И правда так. Он, возможно, и излишен, но я – нет. Абсолютно. Госпожа поверенная в делах пользуется жутким спросом по всему социальному спектру. Теперь я поняла, каково быть принцессой Ди, и отрабатываю перед зеркалом взгляд лани и застенчивую улыбку. Испытала их на Пирсе, который тут же спросил, не вызвал ли у меня омар, которого мы ели на обед, очередного несварения желудка. Однако королевское рукопожатие у меня получается безупречно, хотя мне следует помнить о том, чтобы при этом не держать в другой руке бокал с вином.
Ну а теперь о благотворительности.

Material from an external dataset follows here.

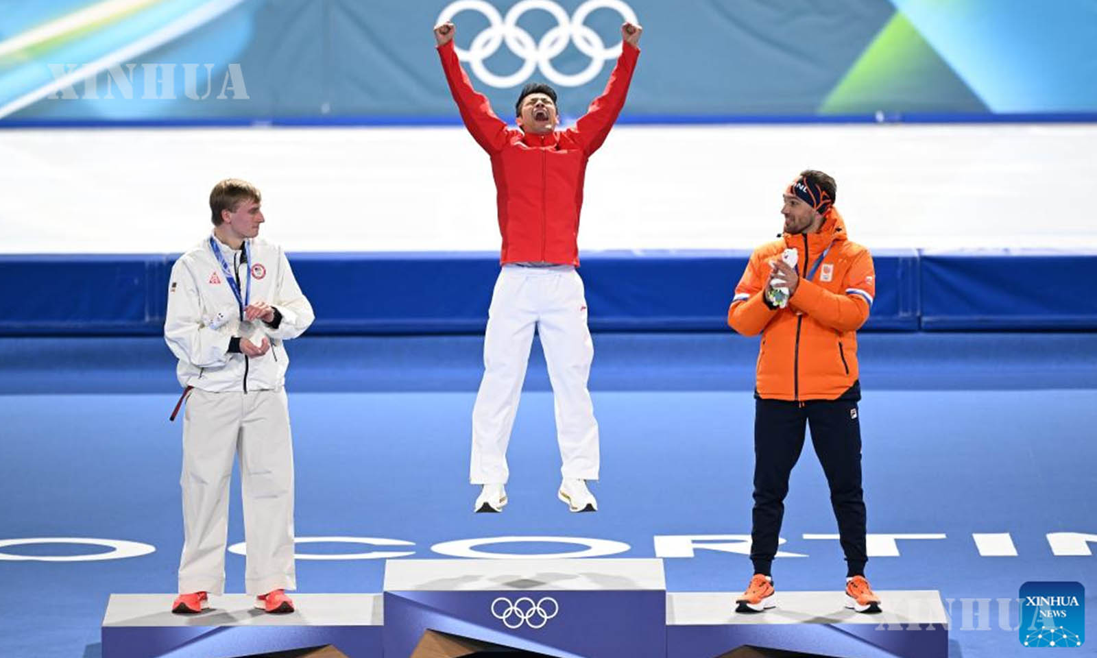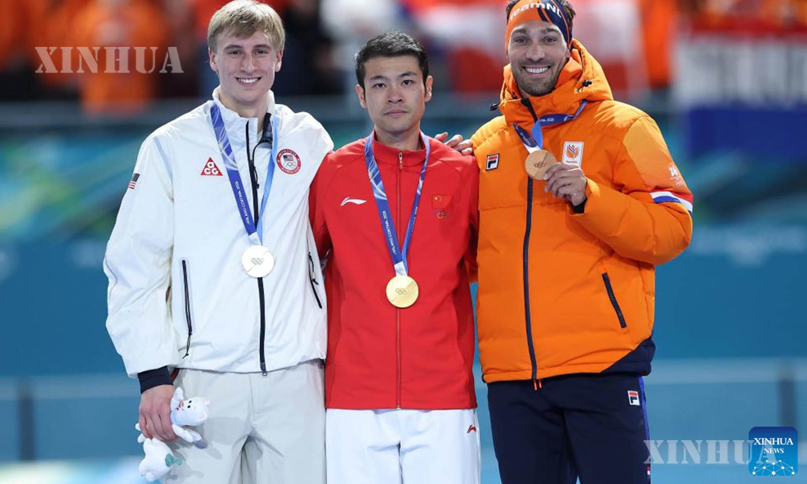 အီတလီနိုင်ငံ မီလန်မြို့၌ ကျင်းပသည့် ၂၀၂၆ ခုနှစ် မီလန်-ကော်တီနာ အိုလံပစ်ဆောင်းရာသီအားကစားပြိုင်ပွဲ၌ အမျိုးသား မီတာ ၁,၅၀၀ အမြန်နှုန်းစကိတ်စီးပြိုင်ပွဲ၏ ဆုပေးပွဲအတွင်း အမှတ်တရဓာတ်ပုံရိုက်နေသည့် ရွှေတံဆိပ်ဆုရရှိသူ တရုတ်နိုင်ငံမှ Ning Zhongyan (အလယ်)၊ ငွေတံဆိပ်ဆုရရှိသူ အမေရိကန်နိုင်ငံမှ ဂျော်ဒန်စတောလ်ဇ် (ဝဲ) နှင့် ကြေးတံဆိပ်ဆုရရှိသူ နယ်သာလန်နိုင်ငံမှ Kjeld Nuis တို့ကို ၂၀၂၆ ခုနှစ် ဖေဖော်ဝါရီ ၁၉ ရက်က တွေ့ရစဉ် (ဆင်ဟွာ)

Позавчера мы обедали у министра внутренних дел. Памятуя об Афинах, Пирс меня тщательно проинструктировал. Министр очень важная особа («Господи, Пирс, у меня от зевоты челюсти сводит».), получил великолепное образование на трех континентах, президент банка, если не двух, и нагружен титулами, наприобрести которые умудрилась только испанская аристократия. Хавьер, маркиз де Трухильо и Толедо – сильно сокращенный вариант, насколько я поняла, в дружеском кругу известный как дон Хавьер. «А как его называть мне? Хавви?» Пирс меня проигнорировал. Общество будет самое утонченное, заверил он меня (Господи, до чего же скучным способен быть мой муж!). «Вырез или без?» – спросила я. Он вновь меня проигнорировал.
Утонченное? Как бы не так. Тяжелейшее. Люстры. Набриллиантиненные лакеи. Серебряные подносы. Все брякают орденами и медалями. Пирс надел что-то вроде шарфа через плечо, и впечатление было такое, будто в него вшили патроны. Из большинства присутствующих сыпался песок, а общим знаменателем шести языков оказались права на прибрежное рыболовство. Моим соседом за столом был посол из Швейцарии, где нет ни единого моря, так что он хранил полное молчание. С тем же успехом я могла быть солонкой. Вскоре Пирс заметил, что я созреваю для одного из лучших моих моментов, и начал посылать мне убийственные взгляды. Так что никаких еврейских анекдотов, ни даже упоминания о высокогорном блудодействии нашего покойного посла. Я была абсолютной паинькой. Видимо, я учусь.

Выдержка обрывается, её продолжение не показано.